What is required:
Please give the whole listing again exactly, without any of its pictures.

Material provided Block Start

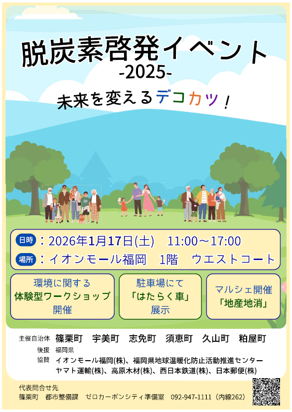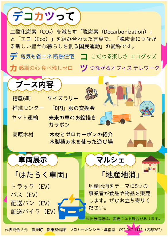 糟屋地区6町と協賛企業が「デコカツ」をテーマに環境イベントを開催します。環境に関するワークショップやはたらく車の展示、地産地消マルシェなど、子どもから大人まで楽しめる催しが盛りだくさんです。
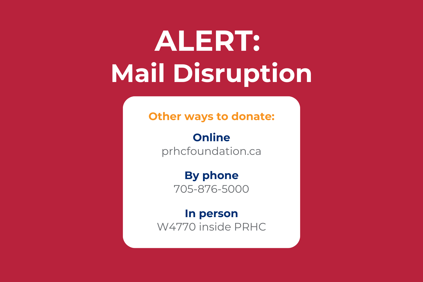 During the postal disruption, our commitment to reimagining health and care in our region remains strong. While the mail strike continues, there are other convenient ways to give.
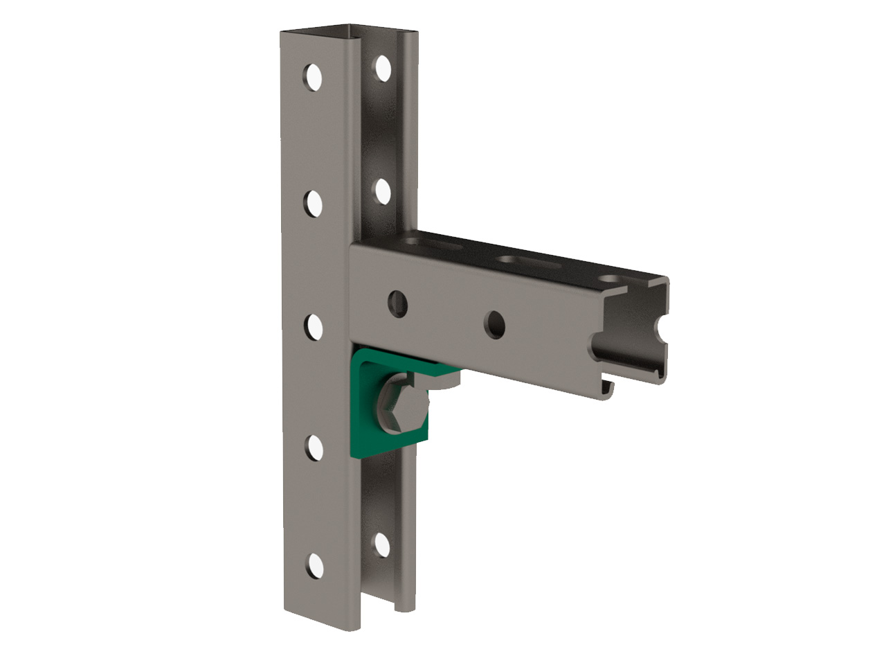Применяется для углового соединения STRUT-профилей под углом 90° Используется в лёгких и средненагруженных конструкциях Универсален: подходит для соединения профилей 41×21, 41×41, 41×62 Конструкция с двумя монтажными отверстиями позволяет производить быстрый монтаж Материал: сталь марки Ст3 по ГОСТ 1050–88 Диаметр монтажных отверстий — 13 мм (под болт М10 / М12) Покрытие: термодиффузионное цинкование (ТДЦ) по ГОСТ Р 9.316–2006 Возможен вариант исполнения с гальваническим цинкованием (оцинк.)
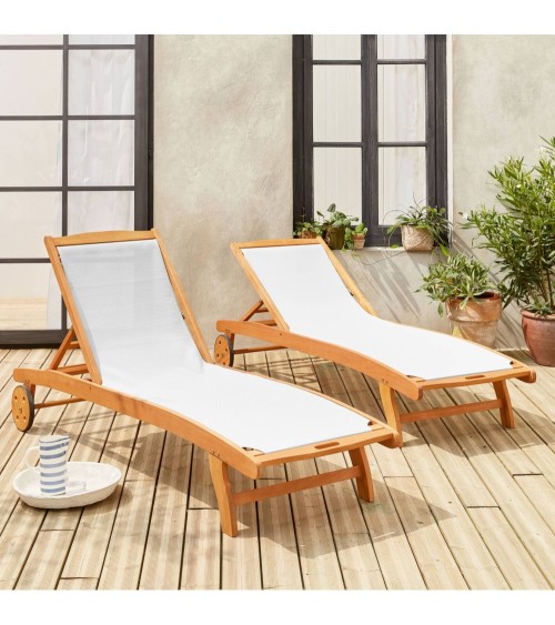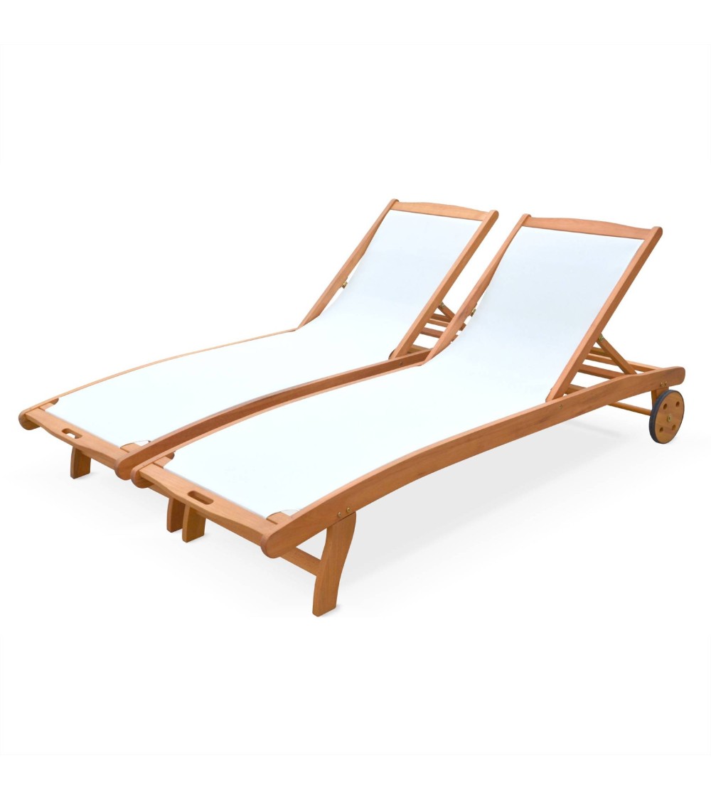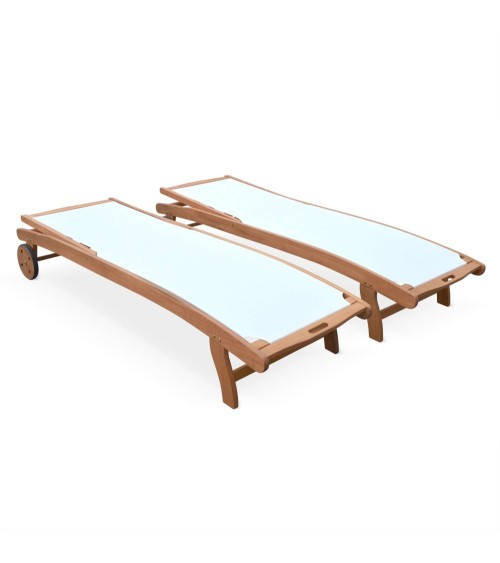 Ensemble de 2 transats en bois d'eucalyptus huilé et textilène blanc

Material provided Block End

Response to the exercise:
 糟屋地区6町と協賛企業が「デコカツ」をテーマに環境イベントを開催します。環境に関するワークショップやはたらく車の展示、地産地消マルシェなど、子どもから大人まで楽しめる催しが盛りだくさんです。
 During the postal disruption, our commitment to reimagining health and care in our region remains strong. While the mail strike continues, there are other convenient ways to give.
Применяется для углового соединения STRUT-профилей под углом 90° Используется в лёгких и средненагруженных конструкциях Универсален: подходит для соединения профилей 41×21, 41×41, 41×62 Конструкция с двумя монтажными отверстиями позволяет производить быстрый монтаж Материал: сталь марки Ст3 по ГОСТ 1050–88 Диаметр монтажных отверстий — 13 мм (под болт М10 / М12) Покрытие: термодиффузионное цинкование (ТДЦ) по ГОСТ Р 9.316–2006 Возможен вариант исполнения с гальваническим цинкованием (оцинк.)
 Ensemble de 2 transats en bois d'eucalyptus huilé et textilène blanc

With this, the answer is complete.